We are soon introduced to Anna, a struggling photographer, and the story blossoms as the heroes fall in love, leave their lovers for the arms of another, feel guilt and jealousy and return to their first loves only to find emptiness and misunderstanding waiting to greet them. With a plot worthy of a day-time soap opera but with writing and acting that raises it far above the level of tawdry drama, Closer succeeds in mellowing our romantic idealism through its often cynical outlook on relationships.

Though unconvincingly British and at times over the top, Cooper and company avoid letting their characters become clichés. Both Marber’s excellent characterization and the equally fine acting of the players surprise the audience with the complexity, humanity and growth of their characters. 

Closer draws us in to the point where we are almost afraid to laugh at the genuinely funny moments because we are unable to separate ourselves enough from the drama to react. We begin to feel that even a giggle or two would disturb the tense action. 
The bare-bones quality of Little Theater functions as the perfect venue to display Marber’s multidimensional characters. By avoiding fancy set and stage concepts, set designer and senior Keith Friedlander and junior lighting and sound director Mark Williams do a fine job in developing a stark minimalist backdrop for the drama of the heroes’ love quadrangle. The black steel of the set’s furniture, built by junior Alec Longstreth, and the cheesy club music work well to communicate the play’s bleak message.

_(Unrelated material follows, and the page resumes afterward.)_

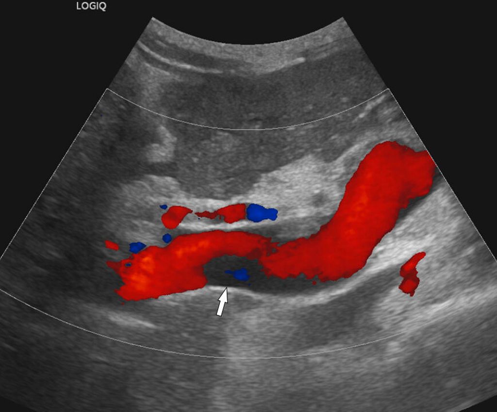 Abb. 1: Die farbcodierte Duplexsonografie zeigt einen wandständigen (nichtokklusiven) Thrombus (Pfeil) in der perfundierten Pfortader
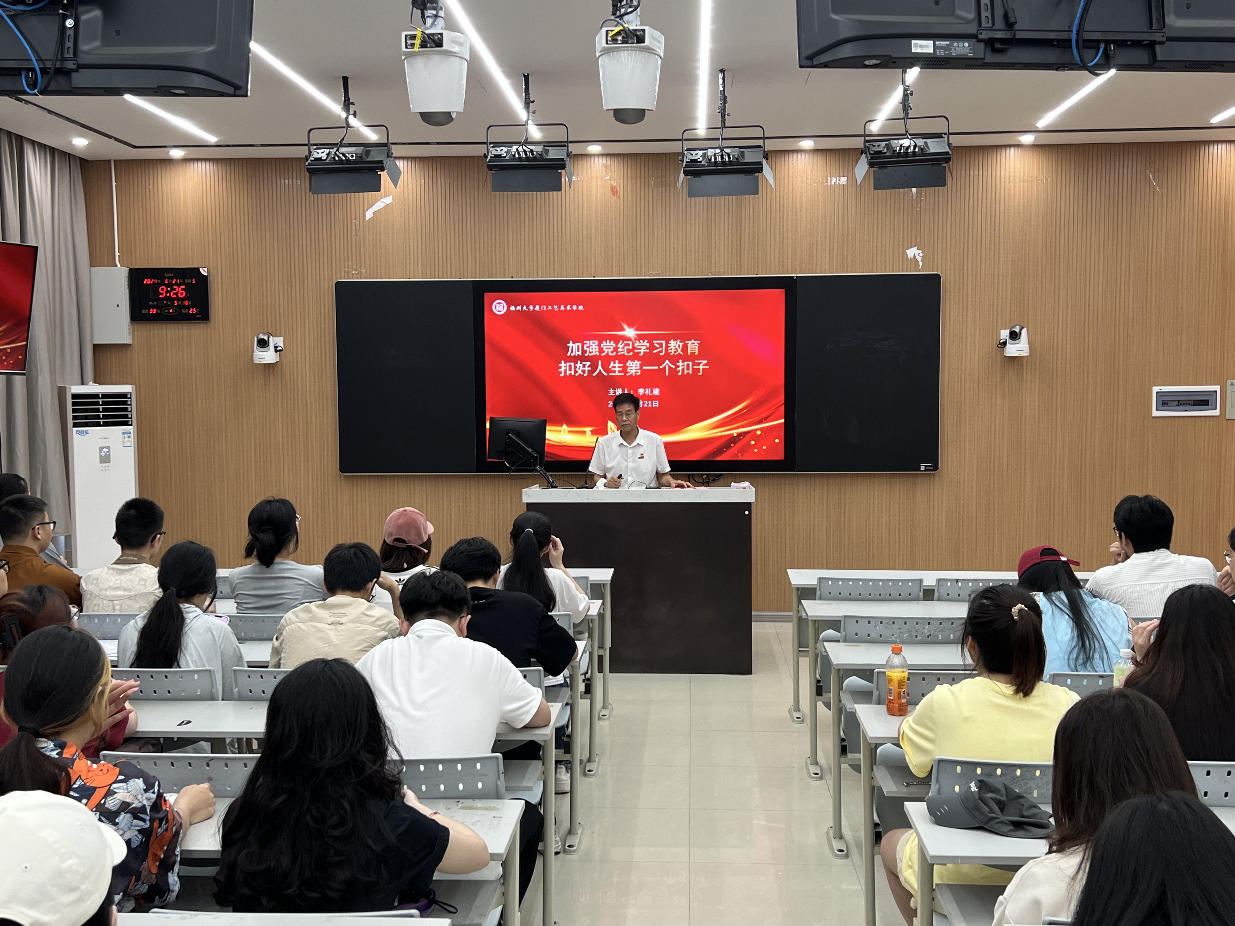 会上,学院党委李礼建书记还为同学们讲授题为《加强党纪学习教育 扣好人生第一个扣子》的思政课(党课)。李礼建书记首先对即将顺利毕业的2024届毕业生表示热烈的祝贺。他从广大党员青年如何扣好人生的“第一个扣子”、党章是党的总章程,也是党的纪律、规矩的总源头、“两个维护”是党的最高政治原则和根本政治规矩、如何理解“七个有之”、广大党员青年应该如何锤炼政治品格等五个方面为毕业生党员上了一堂思政党课。他要求大家要自觉加强党纪学习教育,增强纪律意识,扣好人生的“第一个扣子”;希望大家秉承“明德至诚、博学远志”的校训,践行福大“三种精神”,在推进中国式现代化建设伟业中挺膺担当,贡献自己的青春力量。

Closer is most rewarding to those who are able to relate to the characters’ intense, and often psychotic, relationship troubles. Though convincingly written and directed (the internet scene has to be seen to be believed), Marber’s play requires a serious audience willing to put themselves behind the shifting identities and graphically sexual nature of his characters. For though we may desire a clean ending, one that gives concrete answers to the questions Marber poses about love, jealousy, and identity, Closer’s cynicism just leaves us asking the same questions of ourselves. 
The play’s biggest trick may lie in its ability to seem mute on the subjects it brings up when it actually speaks volumes. Closer ultimately shows us that love, desire and identity are as individual and complex as the four characters in the drama.